О, боль моя! Я впал в полугипнотическое состояние и смотрел лишь поэтому. Когда же я оторвался, наконец, то закричал, зовя людей, почти теряя сознание, но я был совсем один в тот поздний час и никто меня не услышал. Когда я несколько успокоился, я вспомнил о белых людях, созданных подобными нам, и подумал, что их жизнь, вероятно, меньше походит на безобразный кошмар. Тронув микрометрический винт, чтобы не увидеть прежних дикарей, я вернулся к созерцанию странного мира.

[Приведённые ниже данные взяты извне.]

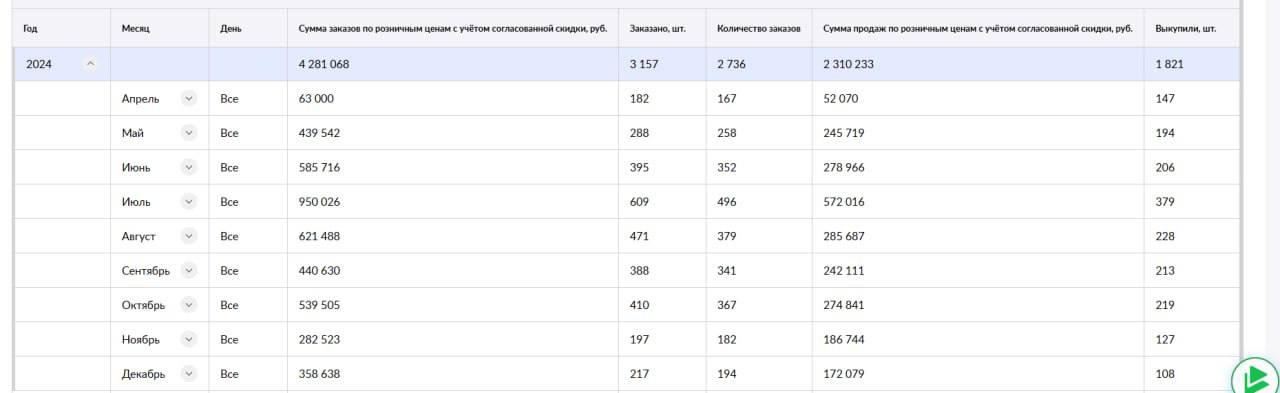 - Реальные пpoдaжи, прикрепляю выгрузку из кабинета за 2024-2025 год
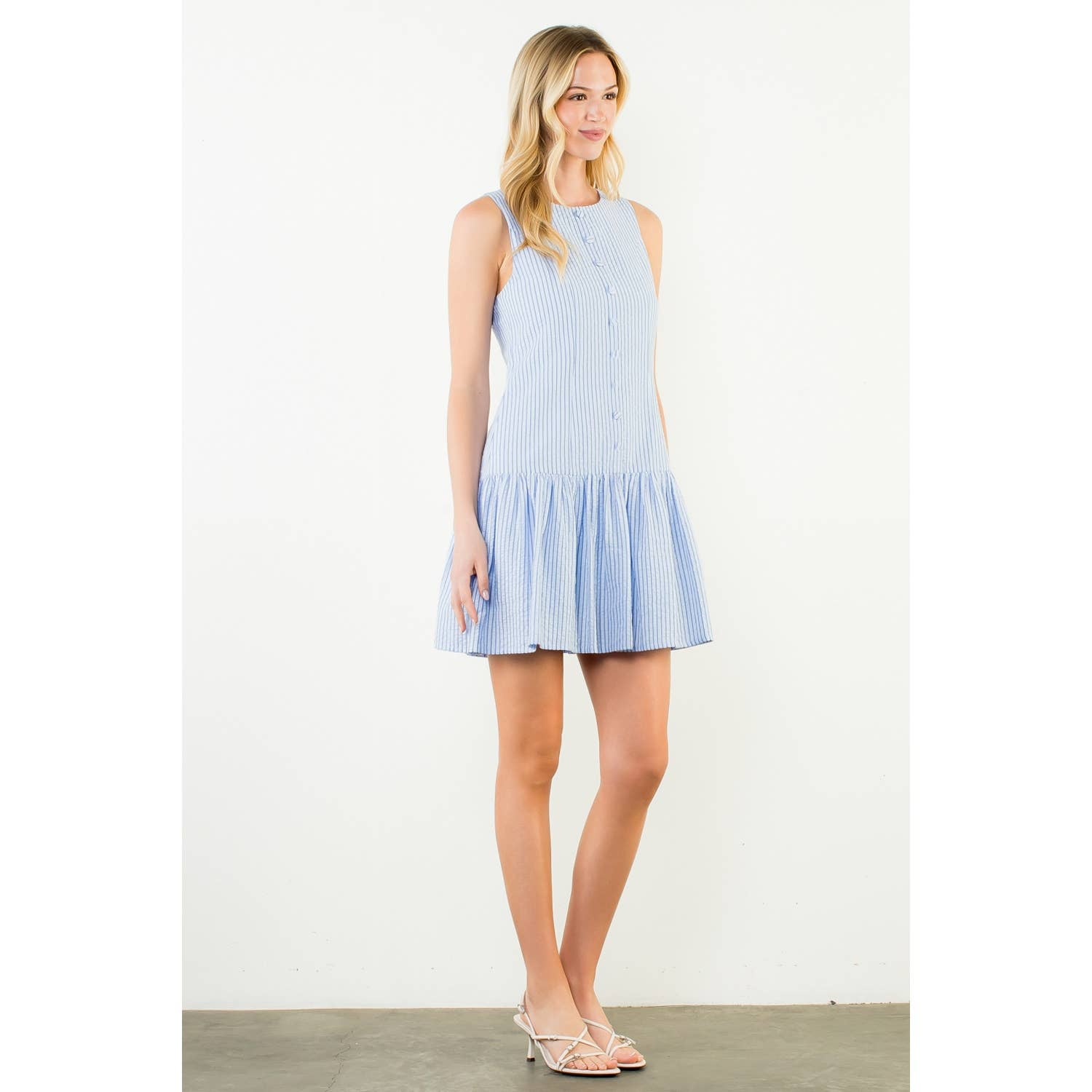 Sleeveless Striped Button Front Dress
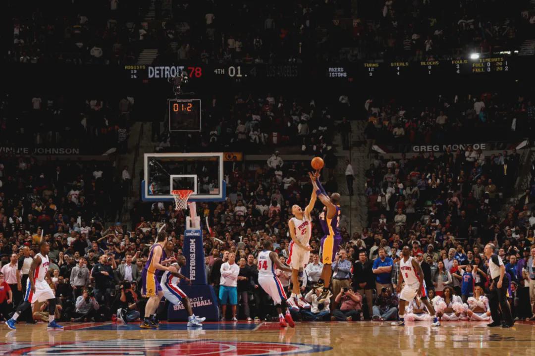 2004年总决赛,仅仅二年级的普林斯主防科比,后者则打出了除2000年之外效率最低的一次总决赛,场均22.6分,命中率只有38.1%。
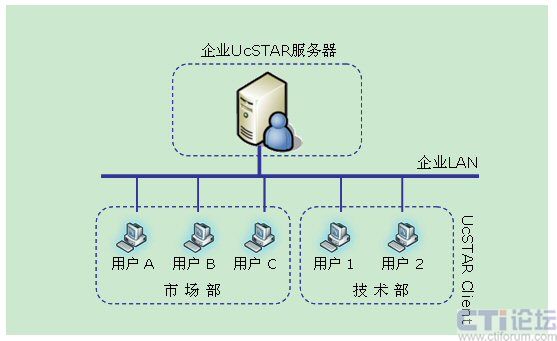 UcSTAR:Unified Communication Star,是擎旗技術研發(fā)的統(tǒng)一通信平臺,它為企業(yè)提供多種通訊手段(企業(yè)即時通信、視頻、語音、郵件、短信、電話、MSN/QQ互通等),并可融合企業(yè)的各種應用系統(tǒng)(OA、ERP、CRM、網(wǎng)站、電子商務系統(tǒng)等);將企業(yè)對外溝通、銷售和服務、對內溝通和協(xié)作無縫整合;輕松實現(xiàn)無地域/時間限制的,可管理、可控制、可擴展的,集內外部溝通、服務和銷售一體化的統(tǒng)一工作平臺。此外,它也可被分離應用為企業(yè)IM及實時協(xié)作系統(tǒng)、多媒體呼叫中心系統(tǒng)、專業(yè)級的IP視頻會議系統(tǒng)等。
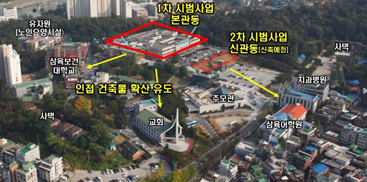 구는 지역 내 에너지다소비 건물 중 구의 탄소중립 정책 흐름에 맞춰 이번 사업에 적극 참여할 의지를 가진 삼육병원 일대를 첫 시범사업 지역으로 선정했다. 현재 병원으로 이용되고 있는 본관동은 에너지 소비가 많은 노후 건축물을 녹색건축물로 전환시켜 에너지 효율과 성능을 끌어올리는‘그린리모델링’을, 신축 예정인 신관동에서는 제로에너지 인증을 추진한다. 이후 인접한 삼육보건대와 유자원(노인전문요양시설) 등으로 확대해 나갈 예정이다.
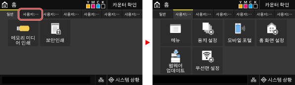 조작 패널은 터치 스크린을 사용합니다. 화면에 표시된 버튼과 항목을 손가락으로 직접 눌러 작동합니다.
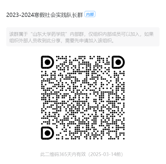 (2)社会实践优秀团队答辩会暂定于3月22日19:00进行,具体答辩地点将于队长群(钉钉群二维码如下)另行通知,团队答辩时间不超过3分钟,请各位队长于3月21日前将答辩PPT发至药学院学生会学术创新实践部公邮yxysheshibu@163.com。
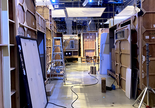想の実家である「佐倉家」がロケーション撮影です。制作部が見つけてきた空き部屋を、大道具スタッフや装飾スタッフが変身させました。スタジオと違って実際の部屋ですから、撮影機材の動線から考えなければなりませんし、そもそも人が暮らしやすいように部屋ごとに間仕切られていることが多いんです。今回はリビングとキッチンの位置関係をドリーショットで表現する、ということで落ち着きました。もともと壁のないところにも新規のものを建てたりしました。
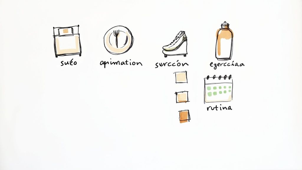 El estrés emocional de una ruptura afecta directamente a tu cuerpo. La hormona del estrés, el cortisol, se dispara, provocando problemas de sueño, falta de apetito y una sensación de agotamiento constante. Para contrarrestar esto, vamos a centrarnos en tres pilares fundamentales.
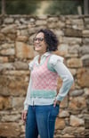 “Malva” means mallow flower, and this vest is inspired by those small flowers with heart shaped petals. It features a lace hem with a leaves shaped stitch that adds beauty and lightness to the garment. Imagine wearing it in those early spring days when small flowers begin to blossom, can you smell the fresh grass?

Предо мной очутилась одна из многолюдных столиц светлокожих. Если бы не снег, покрывавший ее улицы, она совсем напоминала бы города нашего далекого прошлого: случайное расположение узких улиц, возникавших столетиями, поразительное неравенство зданий, то убогих, то красивых, невообразимая скученность, экипажи, запряженные сильными четвероногими, вагоны, движимые электричеством, передававшимся по проволоке, громоздкие машины и суетливая толпа, — все это я видел когда-то мимоходом в стеклянных залах музеев Дворца Мечты. Но скоро, очень скоро я убедился, что в жизни нового человечества было много страшных особенностей, иногда неопределимых, какой-то общий тон, совершенно чуждый, безнадежно отделявший ее от жизни Страны Гонгури. Ах, что это был за удивительный мир!..

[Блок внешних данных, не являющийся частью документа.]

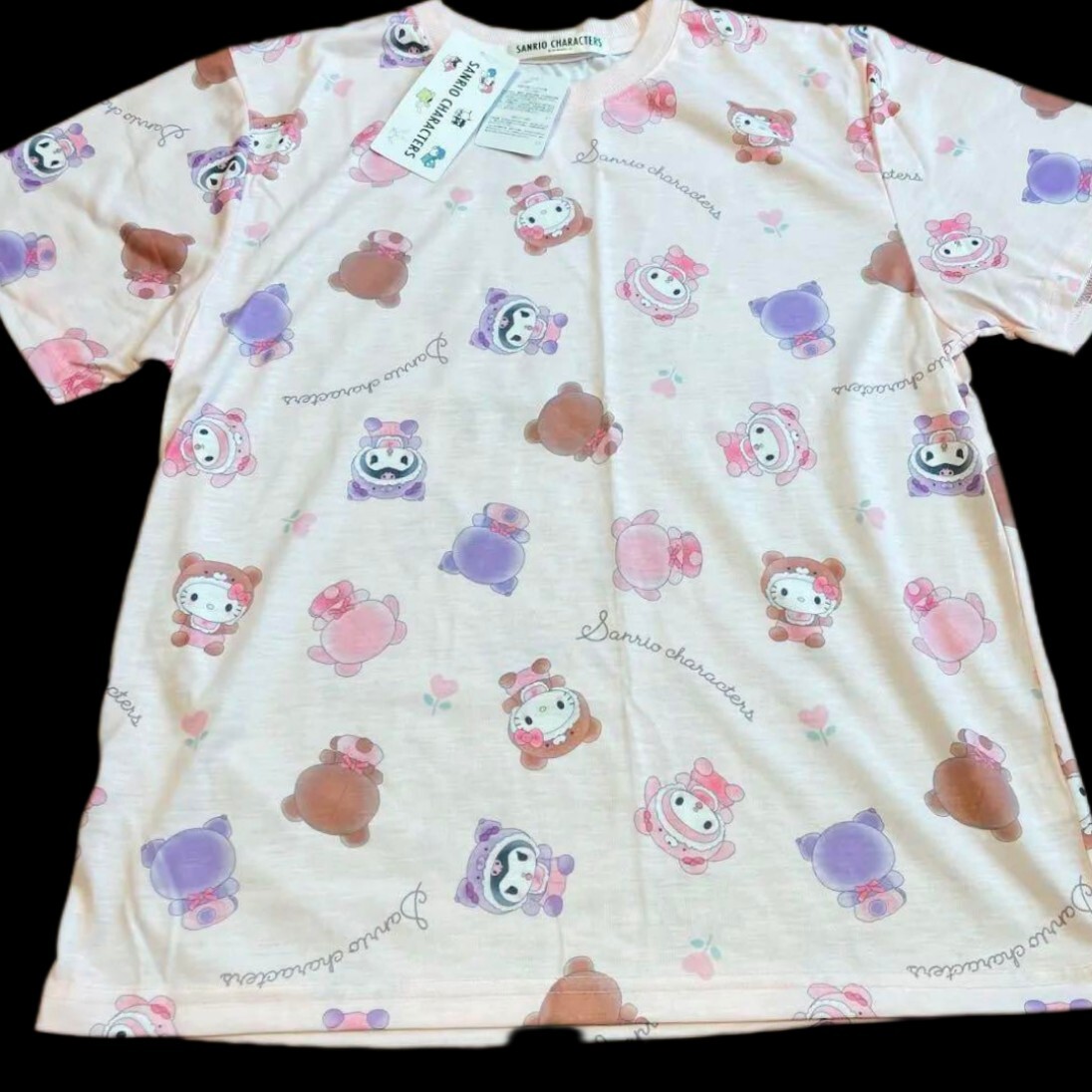 - 即決 サンリオキャラクターズ レディースTシャツ【LL】新品タグ付き ハローキティ マイメロ クロミ 2L

Я увидел вокзал и поезда, катящиеся по рельсам силой перегретого пара. Из тесных вагонов выходили люди и тащили громадные сундуки и узлы, изнемогая под их тяжестью. В одном месте люди подрались. «Частная собственность», — сообразил я.

Следуя за этими поездами, я перевел мой взор вглубь страны. Больших городов оказалось чрезвычайно мало. Вообще городов оказалось мало. Масса разноцветных людей жила в небольших поселках, более или менее жалких и грязных и едва ли белые дикари сильно отличались от черных.

Мои впечатления становились все безотраднее. В полушарии материков царила зима и громадные пространства были покрыты сплошным саваном снега. Я рассматривал ландшафт унылой страны. Затерявшиеся, потонувшие в сугробах деревушки, где все живое, скот и люди, погружалось в зимнюю полуспячку, дым, змеившийся из всех отверстий избушек, а кругом, без конца, белая пустыня, угрюмый лес и замерзшие воды, — все это живо напоминало мне картины Ада, поэмы Неатна, этого загадочного и великого мыслителя древности. Вот предо мной человек, одетый в шкуру барана; в одной руке он несет, размахивая, несколько убитых зверьков, а другой ведет детеныша, закутанного в тряпки; за ними следует теленок; они входят в один из домиков и теленок входит за ними; внутри на голом полу лежит старик в шубе, в шапке и качает ногой люльку, под которой суетится выводок щенков. Люди жили вместе с животными и, вероятно, как животные. Я вспомнил о своих страданиях на планете Паон, о болезнях и холоде и невольно вздрогнул, так как все, что мне пришлось пережить в течение нескольких месяцев, было обыденным и привычным в жизни неведомого племени.